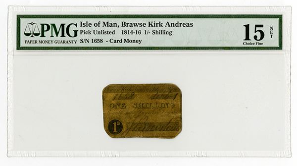 British Commonwealth, Isle of Man, September 1st, 1815, 1 Shilling, P-Unlisted, Issued early Scrip note or banknote, The name of the company or bank is Brawse Kirk Andrews, Black on light brown paper, Face with Serial number, title, denomination, title of bank, back with Isle of Man Arms, Triskelion with the motto QUOCUNQUE JECERIS STABIT ("Wherever you throw it, it stands").ÊRare early Isle of Man note.
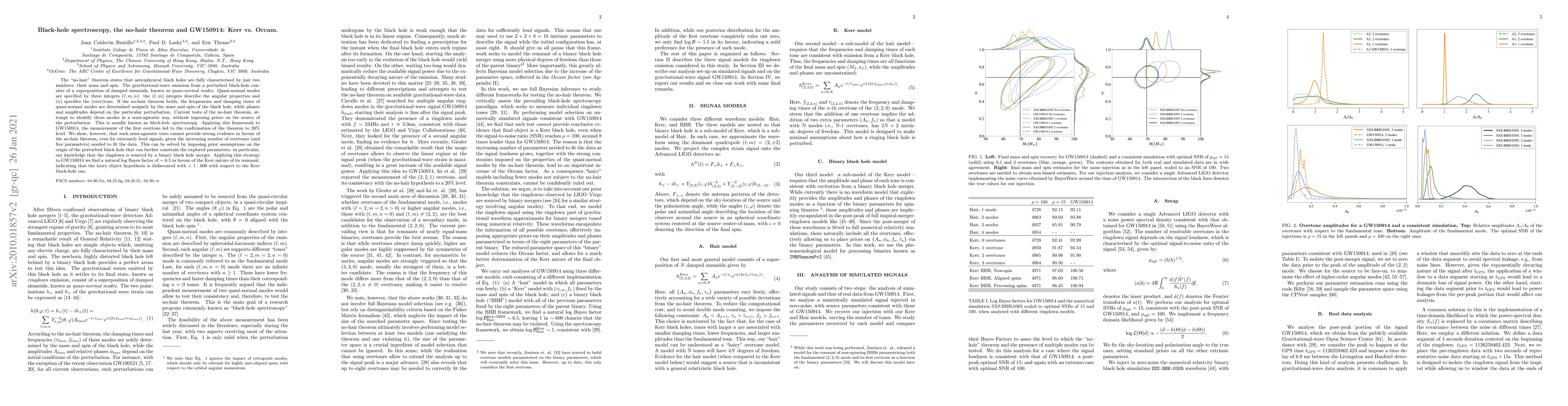 The "no-hair" theorem states that astrophysical black holes are fully characterised by just two numbers: their mass and spin. The gravitational-wave emission from a perturbed black-hole consists of a superposition of damped sinusoids, known as \textit{quasi-normal modes}. Quasi-normal modes are specified by three integers $(\ell,m,n)$: the $(\ell, m)$ integers describe the angular properties and $(n)$ specifies the (over)tone. If the no-hair theorem holds, the frequencies and damping times of quasi-normal modes are determined uniquely by the mass and spin of the black hole, while phases and amplitudes depend on the particular perturbation. Current tests of the no-hair theorem, attempt to identify these modes in a semi-agnostic way, without imposing priors on the source of the perturbation. This is usually known as \textit{black-hole spectroscopy}. Applying this framework to GW150914, the measurement of the first overtone led to the confirmation of the theorem to $20\%$ level. We show, however, that such semi-agnostic tests cannot provide strong evidence in favour of the no-hair theorem, even for extremely loud signals, given the increasing number of overtones (and free parameters) needed to fit the data. This can be solved by imposing prior assumptions on the origin of the perturbed black hole that can further constrain the explored parameters: in particular, our knowledge that the ringdown is sourced by a binary black hole merger. Applying this strategy to GW150914 we find a natural log Bayes factor of $\sim 6.5$ in favour of the Kerr nature of its remnant, indicating that the hairy object hypothesis is disfavoured with $<1:600$ with respect to the Kerr black-hole one.
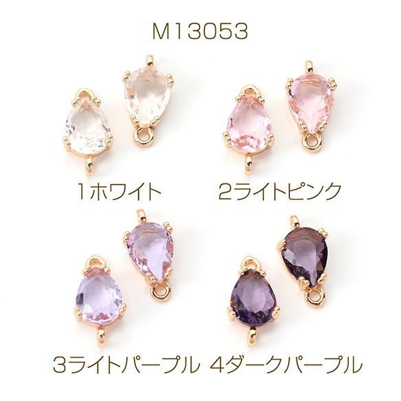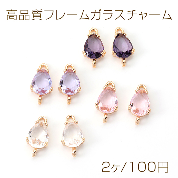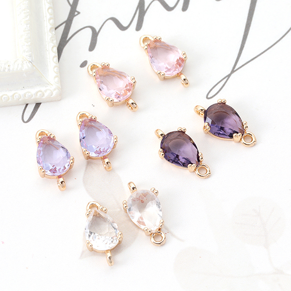 高品質フレームガラスチャーム ガラスストーンチャーム コネクターチャーム 接続パーツ 連結パーツ しずく型 雫型 ドロップ 2カン付き ゴールド 7×13mm(2ヶ)

- What is required: Everything in the material except the pictures should be restated word for word.

- Worked solution:
 British Commonwealth, Isle of Man, September 1st, 1815, 1 Shilling, P-Unlisted, Issued early Scrip note or banknote, The name of the company or bank is Brawse Kirk Andrews, Black on light brown paper, Face with Serial number, title, denomination, title of bank, back with Isle of Man Arms, Triskelion with the motto QUOCUNQUE JECERIS STABIT ("Wherever you throw it, it stands").ÊRare early Isle of Man note.
 The "no-hair" theorem states that astrophysical black holes are fully characterised by just two numbers: their mass and spin. The gravitational-wave emission from a perturbed black-hole consists of a superposition of damped sinusoids, known as \textit{quasi-normal modes}. Quasi-normal modes are specified by three integers $(\ell,m,n)$: the $(\ell, m)$ integers describe the angular properties and $(n)$ specifies the (over)tone. If the no-hair theorem holds, the frequencies and damping times of quasi-normal modes are determined uniquely by the mass and spin of the black hole, while phases and amplitudes depend on the particular perturbation. Current tests of the no-hair theorem, attempt to identify these modes in a semi-agnostic way, without imposing priors on the source of the perturbation. This is usually known as \textit{black-hole spectroscopy}. Applying this framework to GW150914, the measurement of the first overtone led to the confirmation of the theorem to $20\%$ level. We show, however, that such semi-agnostic tests cannot provide strong evidence in favour of the no-hair theorem, even for extremely loud signals, given the increasing number of overtones (and free parameters) needed to fit the data. This can be solved by imposing prior assumptions on the origin of the perturbed black hole that can further constrain the explored parameters: in particular, our knowledge that the ringdown is sourced by a binary black hole merger. Applying this strategy to GW150914 we find a natural log Bayes factor of $\sim 6.5$ in favour of the Kerr nature of its remnant, indicating that the hairy object hypothesis is disfavoured with $<1:600$ with respect to the Kerr black-hole one.
 高品質フレームガラスチャーム ガラスストーンチャーム コネクターチャーム 接続パーツ 連結パーツ しずく型 雫型 ドロップ 2カン付き ゴールド 7×13mm(2ヶ)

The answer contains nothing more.